## WORK TO COMPLETE
Word for word, write out all the entries below, omitting every picture.

════

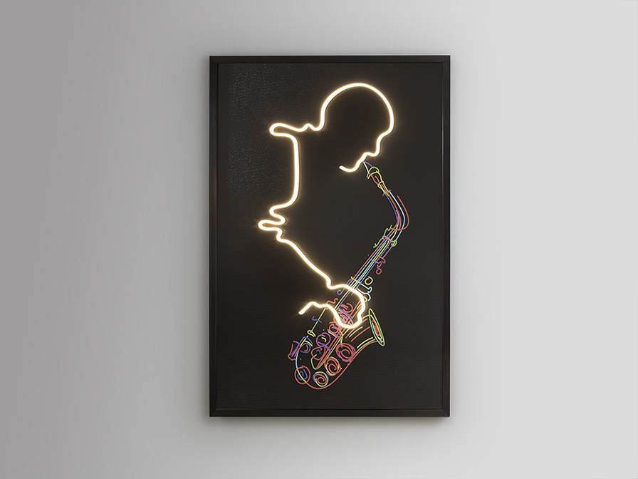 Saxofón festmény 301473 – 80 x 120 cm Tegye különlegessé otthonát ezzel a lenyűgöző, és modern faliképpel, amely a zene varázsát ötvözi a kortárs világítástechnikával. A minimalista vonalvezetésű alkotáson egy szaxofonos alakja elevenedik meg, akinek hangszerét és mozdulatát egy beépített dekorációs LED-fényszalag teszi igazán különlegessé. Az aranyló fények nemcsak mélységet adnak a képnek, ezzel egy drámai és mélységet adó ragyogást kölcsönözve ennek a csodálatos kompozíciónak. De ez még nem minden! A prémium minőségű, hordozóra kasírozott és elegáns fekete keretbe foglalt festmény nem csupán egy dekorációt képvisel, hanem egy hangulatteremtő fényforrásként is funkcionál. A műalkotás hátoldalán pedig egy diszkréten elhelyezett csatlakozódoboz és hálózati kábel található, amely gondoskodik a könnyű üzembe helyezésről, hogy a kép pillanatok alatt a nappali vagy hálószoba legizgalmasabb látványossága legyen.
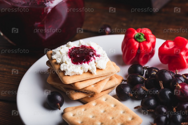 Варенье из крыжовника и перца Хабанеро со сливочным сыром на крекерах
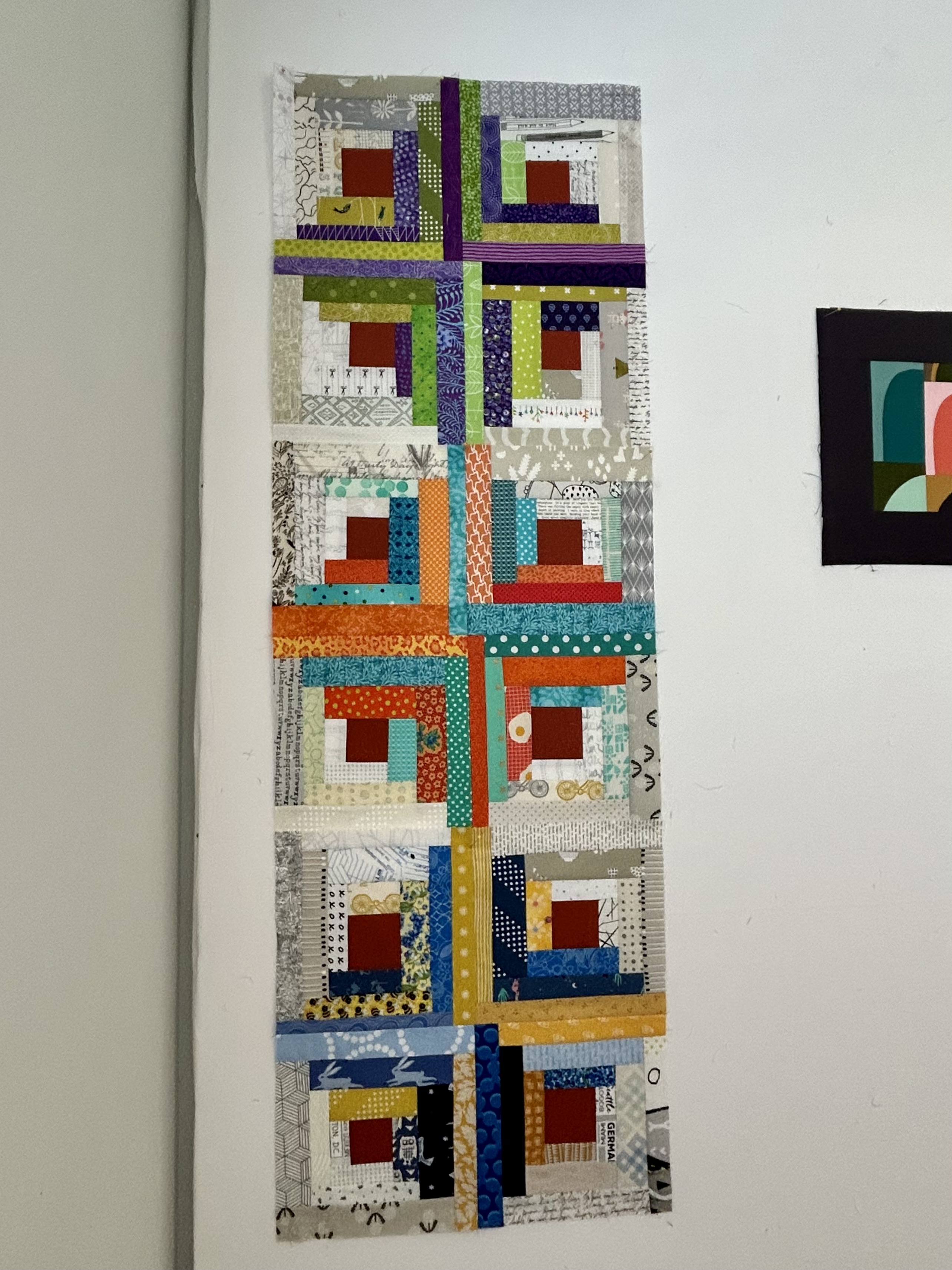 I have three 18-inch blocks of Rachel Hauser’s log cabin sew-along made. Nine are needed. These blocks are strong colors–opposites on the color wheel which gives a lot of punch. They won’t stay together. Indeed, I’ll make some softer versions now.
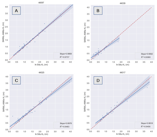 Comparison of significant wave height, , between SARAL/AltiKa and selected buoys at stations 44097 (A), 44039 (B), 44025 (C), and 44017 (D). Matched measurements denoted as blue dots are those falling within radius . In each case, the fitting linear regression line is shown as a continuous blue line with their corresponding 99% confidence interval in shaded blue.
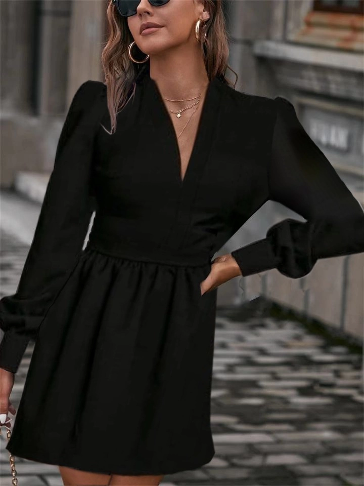 Kadın Uzun Kollu V Yaka Belden Hafif Pileli Scuba Krep Mini Boy Elbise
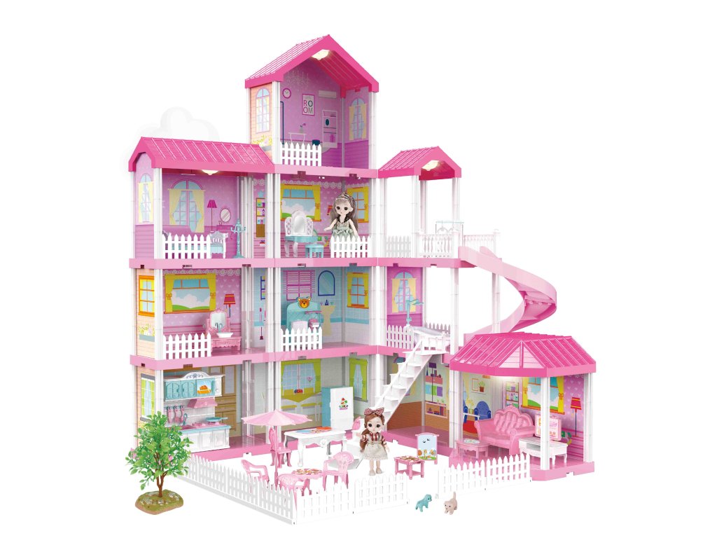 Velika ružičasta vila nudi djeci beskrajne mogućnosti za igru! Trokatna kućica visine 91 cm sa vrtom, terasom, sjenicom i spiralnim toboganom idealna je za kreativnu igru. Također uključuje 2 lutke i LED rasvjetu koja će cijeloj kućici dati čarobnu atmosferu.
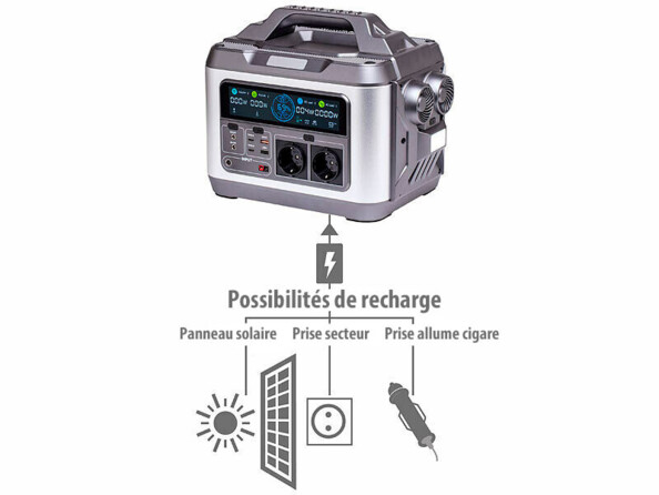 - Batterie LiFePO4 haute performance intégrée 1120 Wh, chargement par 12 ou 230 V ou par panneau solaire

════

## OUTPUT FOR THIS TASK
 Saxofón festmény 301473 – 80 x 120 cm Tegye különlegessé otthonát ezzel a lenyűgöző, és modern faliképpel, amely a zene varázsát ötvözi a kortárs világítástechnikával. A minimalista vonalvezetésű alkotáson egy szaxofonos alakja elevenedik meg, akinek hangszerét és mozdulatát egy beépített dekorációs LED-fényszalag teszi igazán különlegessé. Az aranyló fények nemcsak mélységet adnak a képnek, ezzel egy drámai és mélységet adó ragyogást kölcsönözve ennek a csodálatos kompozíciónak. De ez még nem minden! A prémium minőségű, hordozóra kasírozott és elegáns fekete keretbe foglalt festmény nem csupán egy dekorációt képvisel, hanem egy hangulatteremtő fényforrásként is funkcionál. A műalkotás hátoldalán pedig egy diszkréten elhelyezett csatlakozódoboz és hálózati kábel található, amely gondoskodik a könnyű üzembe helyezésről, hogy a kép pillanatok alatt a nappali vagy hálószoba legizgalmasabb látványossága legyen.
 Варенье из крыжовника и перца Хабанеро со сливочным сыром на крекерах
 I have three 18-inch blocks of Rachel Hauser’s log cabin sew-along made. Nine are needed. These blocks are strong colors–opposites on the color wheel which gives a lot of punch. They won’t stay together. Indeed, I’ll make some softer versions now.
 Comparison of significant wave height, , between SARAL/AltiKa and selected buoys at stations 44097 (A), 44039 (B), 44025 (C), and 44017 (D). Matched measurements denoted as blue dots are those falling within radius . In each case, the fitting linear regression line is shown as a continuous blue line with their corresponding 99% confidence interval in shaded blue.
 Kadın Uzun Kollu V Yaka Belden Hafif Pileli Scuba Krep Mini Boy Elbise
 Velika ružičasta vila nudi djeci beskrajne mogućnosti za igru! Trokatna kućica visine 91 cm sa vrtom, terasom, sjenicom i spiralnim toboganom idealna je za kreativnu igru. Također uključuje 2 lutke i LED rasvjetu koja će cijeloj kućici dati čarobnu atmosferu.
 - Batterie LiFePO4 haute performance intégrée 1120 Wh, chargement par 12 ou 230 V ou par panneau solaire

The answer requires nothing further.